Required work: Look for the line that has "Ornat haftowany, wykonany" in the material below; please repeat it and every line after it, exactly, up to and including the line that has "本网讯 近日,中国知网与中国", and nothing else.

Data for this task:
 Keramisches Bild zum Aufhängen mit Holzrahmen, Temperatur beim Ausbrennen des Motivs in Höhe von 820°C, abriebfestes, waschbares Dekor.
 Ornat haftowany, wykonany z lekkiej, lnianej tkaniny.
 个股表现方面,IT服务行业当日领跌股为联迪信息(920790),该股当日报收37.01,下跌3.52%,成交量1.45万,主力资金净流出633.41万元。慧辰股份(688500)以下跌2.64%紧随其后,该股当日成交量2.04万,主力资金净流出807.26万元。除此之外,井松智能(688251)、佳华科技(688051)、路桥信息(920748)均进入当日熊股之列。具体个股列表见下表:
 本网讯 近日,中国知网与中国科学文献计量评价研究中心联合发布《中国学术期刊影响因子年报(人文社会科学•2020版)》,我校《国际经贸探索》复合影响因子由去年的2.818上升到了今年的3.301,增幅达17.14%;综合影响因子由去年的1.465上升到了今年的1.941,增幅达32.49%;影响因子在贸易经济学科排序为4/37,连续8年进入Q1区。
==
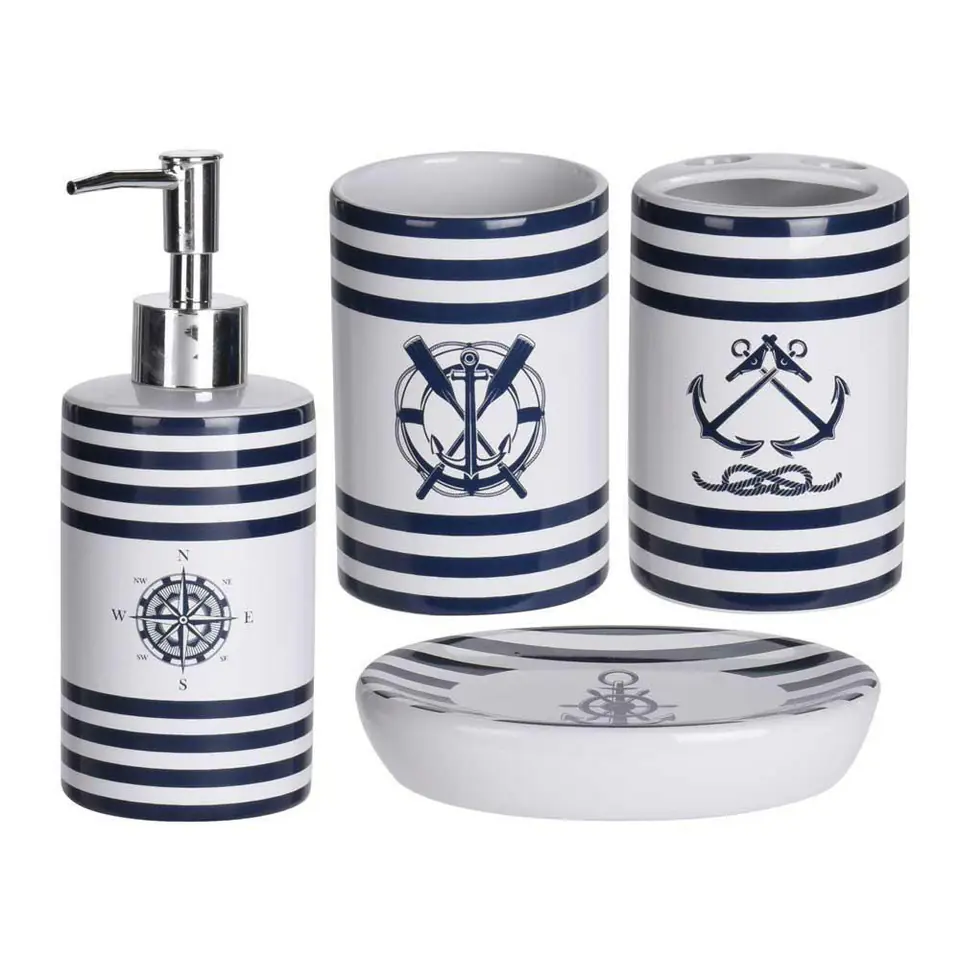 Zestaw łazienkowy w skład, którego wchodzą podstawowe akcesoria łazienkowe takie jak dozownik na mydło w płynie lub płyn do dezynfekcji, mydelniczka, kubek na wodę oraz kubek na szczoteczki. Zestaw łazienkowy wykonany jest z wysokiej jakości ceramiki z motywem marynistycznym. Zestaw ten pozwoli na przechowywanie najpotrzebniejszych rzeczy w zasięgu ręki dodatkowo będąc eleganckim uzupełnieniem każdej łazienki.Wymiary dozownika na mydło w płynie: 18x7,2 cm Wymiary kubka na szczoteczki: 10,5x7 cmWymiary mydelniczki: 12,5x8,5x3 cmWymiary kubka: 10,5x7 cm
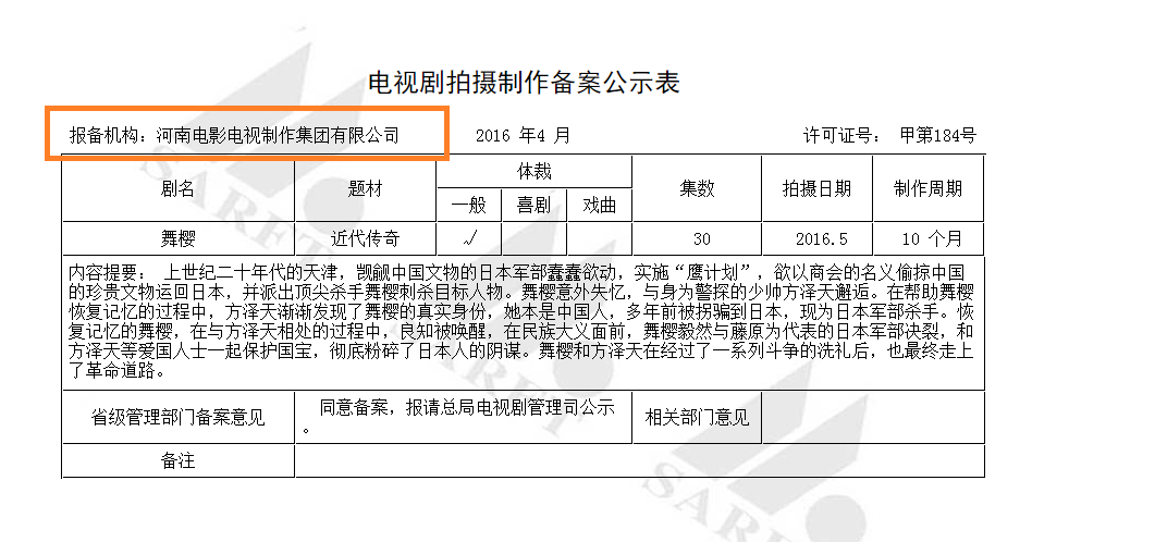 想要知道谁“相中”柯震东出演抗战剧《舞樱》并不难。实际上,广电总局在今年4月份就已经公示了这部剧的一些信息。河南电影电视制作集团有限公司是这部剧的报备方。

Answer box:
 Ornat haftowany, wykonany z lekkiej, lnianej tkaniny.
 个股表现方面,IT服务行业当日领跌股为联迪信息(920790),该股当日报收37.01,下跌3.52%,成交量1.45万,主力资金净流出633.41万元。慧辰股份(688500)以下跌2.64%紧随其后,该股当日成交量2.04万,主力资金净流出807.26万元。除此之外,井松智能(688251)、佳华科技(688051)、路桥信息(920748)均进入当日熊股之列。具体个股列表见下表:
 本网讯 近日,中国知网与中国科学文献计量评价研究中心联合发布《中国学术期刊影响因子年报(人文社会科学•2020版)》,我校《国际经贸探索》复合影响因子由去年的2.818上升到了今年的3.301,增幅达17.14%;综合影响因子由去年的1.465上升到了今年的1.941,增幅达32.49%;影响因子在贸易经济学科排序为4/37,连续8年进入Q1区。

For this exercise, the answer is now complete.